▶ **Exercise directions**
Could you return the lines below exactly, from the first line up to and including the line that holds "- (3) speed"?

Data extracted from a collection
Segment Open

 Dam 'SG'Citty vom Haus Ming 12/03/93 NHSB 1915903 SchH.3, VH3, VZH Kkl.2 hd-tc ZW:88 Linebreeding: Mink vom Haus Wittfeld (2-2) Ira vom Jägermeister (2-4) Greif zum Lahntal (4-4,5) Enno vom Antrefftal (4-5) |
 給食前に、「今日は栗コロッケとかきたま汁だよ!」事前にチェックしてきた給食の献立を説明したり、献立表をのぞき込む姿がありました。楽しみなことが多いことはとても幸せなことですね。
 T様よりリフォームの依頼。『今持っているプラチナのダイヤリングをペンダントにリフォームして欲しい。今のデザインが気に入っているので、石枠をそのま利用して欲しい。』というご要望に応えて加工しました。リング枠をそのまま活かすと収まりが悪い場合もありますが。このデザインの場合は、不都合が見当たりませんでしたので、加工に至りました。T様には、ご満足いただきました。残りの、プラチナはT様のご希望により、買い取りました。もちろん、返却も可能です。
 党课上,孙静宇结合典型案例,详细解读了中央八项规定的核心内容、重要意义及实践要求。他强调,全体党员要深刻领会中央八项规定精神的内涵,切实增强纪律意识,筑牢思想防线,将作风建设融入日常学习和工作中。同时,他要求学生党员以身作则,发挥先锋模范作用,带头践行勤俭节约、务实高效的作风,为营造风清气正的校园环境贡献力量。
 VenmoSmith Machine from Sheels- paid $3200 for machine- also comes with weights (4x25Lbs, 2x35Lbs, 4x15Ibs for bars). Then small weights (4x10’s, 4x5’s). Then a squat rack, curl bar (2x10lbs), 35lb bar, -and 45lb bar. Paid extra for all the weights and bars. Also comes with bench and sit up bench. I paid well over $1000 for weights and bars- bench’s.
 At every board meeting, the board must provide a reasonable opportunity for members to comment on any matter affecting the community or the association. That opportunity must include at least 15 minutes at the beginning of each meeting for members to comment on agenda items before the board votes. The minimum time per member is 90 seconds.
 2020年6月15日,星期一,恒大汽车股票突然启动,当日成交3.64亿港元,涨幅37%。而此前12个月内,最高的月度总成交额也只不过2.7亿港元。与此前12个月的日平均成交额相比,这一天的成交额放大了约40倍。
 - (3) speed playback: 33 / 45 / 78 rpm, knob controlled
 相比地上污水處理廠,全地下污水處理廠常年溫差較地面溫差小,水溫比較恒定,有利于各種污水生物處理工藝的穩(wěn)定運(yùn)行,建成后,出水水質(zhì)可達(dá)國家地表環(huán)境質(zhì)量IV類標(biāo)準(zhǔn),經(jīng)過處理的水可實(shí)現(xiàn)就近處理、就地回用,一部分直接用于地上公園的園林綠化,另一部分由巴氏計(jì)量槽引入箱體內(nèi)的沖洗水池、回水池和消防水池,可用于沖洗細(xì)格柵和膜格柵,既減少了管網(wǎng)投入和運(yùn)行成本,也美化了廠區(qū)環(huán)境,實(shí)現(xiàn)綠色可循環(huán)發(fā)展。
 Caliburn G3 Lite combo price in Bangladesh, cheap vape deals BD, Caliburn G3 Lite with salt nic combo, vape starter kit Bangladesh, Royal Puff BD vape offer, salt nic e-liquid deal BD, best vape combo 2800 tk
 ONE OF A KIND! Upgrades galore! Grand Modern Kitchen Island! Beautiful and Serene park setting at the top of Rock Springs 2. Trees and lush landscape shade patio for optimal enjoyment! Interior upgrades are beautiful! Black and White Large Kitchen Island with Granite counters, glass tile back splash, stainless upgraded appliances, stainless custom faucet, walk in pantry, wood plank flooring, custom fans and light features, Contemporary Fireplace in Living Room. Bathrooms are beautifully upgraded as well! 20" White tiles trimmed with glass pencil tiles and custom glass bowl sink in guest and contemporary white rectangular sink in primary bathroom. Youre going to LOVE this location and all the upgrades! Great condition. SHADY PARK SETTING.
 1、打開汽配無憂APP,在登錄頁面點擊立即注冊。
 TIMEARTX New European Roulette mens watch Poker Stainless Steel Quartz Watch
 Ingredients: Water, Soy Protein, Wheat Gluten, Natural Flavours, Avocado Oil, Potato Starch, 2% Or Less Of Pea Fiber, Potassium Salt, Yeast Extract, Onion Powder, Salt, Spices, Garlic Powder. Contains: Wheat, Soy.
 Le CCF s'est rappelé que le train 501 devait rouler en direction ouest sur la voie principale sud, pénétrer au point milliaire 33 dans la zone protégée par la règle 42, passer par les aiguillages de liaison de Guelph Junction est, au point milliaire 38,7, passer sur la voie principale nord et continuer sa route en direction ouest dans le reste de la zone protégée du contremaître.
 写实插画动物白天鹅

Segment Closed

▶ **Solution for this task**
 Dam 'SG'Citty vom Haus Ming 12/03/93 NHSB 1915903 SchH.3, VH3, VZH Kkl.2 hd-tc ZW:88 Linebreeding: Mink vom Haus Wittfeld (2-2) Ira vom Jägermeister (2-4) Greif zum Lahntal (4-4,5) Enno vom Antrefftal (4-5) |
 給食前に、「今日は栗コロッケとかきたま汁だよ!」事前にチェックしてきた給食の献立を説明したり、献立表をのぞき込む姿がありました。楽しみなことが多いことはとても幸せなことですね。
 T様よりリフォームの依頼。『今持っているプラチナのダイヤリングをペンダントにリフォームして欲しい。今のデザインが気に入っているので、石枠をそのま利用して欲しい。』というご要望に応えて加工しました。リング枠をそのまま活かすと収まりが悪い場合もありますが。このデザインの場合は、不都合が見当たりませんでしたので、加工に至りました。T様には、ご満足いただきました。残りの、プラチナはT様のご希望により、買い取りました。もちろん、返却も可能です。
 党课上,孙静宇结合典型案例,详细解读了中央八项规定的核心内容、重要意义及实践要求。他强调,全体党员要深刻领会中央八项规定精神的内涵,切实增强纪律意识,筑牢思想防线,将作风建设融入日常学习和工作中。同时,他要求学生党员以身作则,发挥先锋模范作用,带头践行勤俭节约、务实高效的作风,为营造风清气正的校园环境贡献力量。
 VenmoSmith Machine from Sheels- paid $3200 for machine- also comes with weights (4x25Lbs, 2x35Lbs, 4x15Ibs for bars). Then small weights (4x10’s, 4x5’s). Then a squat rack, curl bar (2x10lbs), 35lb bar, -and 45lb bar. Paid extra for all the weights and bars. Also comes with bench and sit up bench. I paid well over $1000 for weights and bars- bench’s.
 At every board meeting, the board must provide a reasonable opportunity for members to comment on any matter affecting the community or the association. That opportunity must include at least 15 minutes at the beginning of each meeting for members to comment on agenda items before the board votes. The minimum time per member is 90 seconds.
 2020年6月15日,星期一,恒大汽车股票突然启动,当日成交3.64亿港元,涨幅37%。而此前12个月内,最高的月度总成交额也只不过2.7亿港元。与此前12个月的日平均成交额相比,这一天的成交额放大了约40倍。
 - (3) speed playback: 33 / 45 / 78 rpm, knob controlled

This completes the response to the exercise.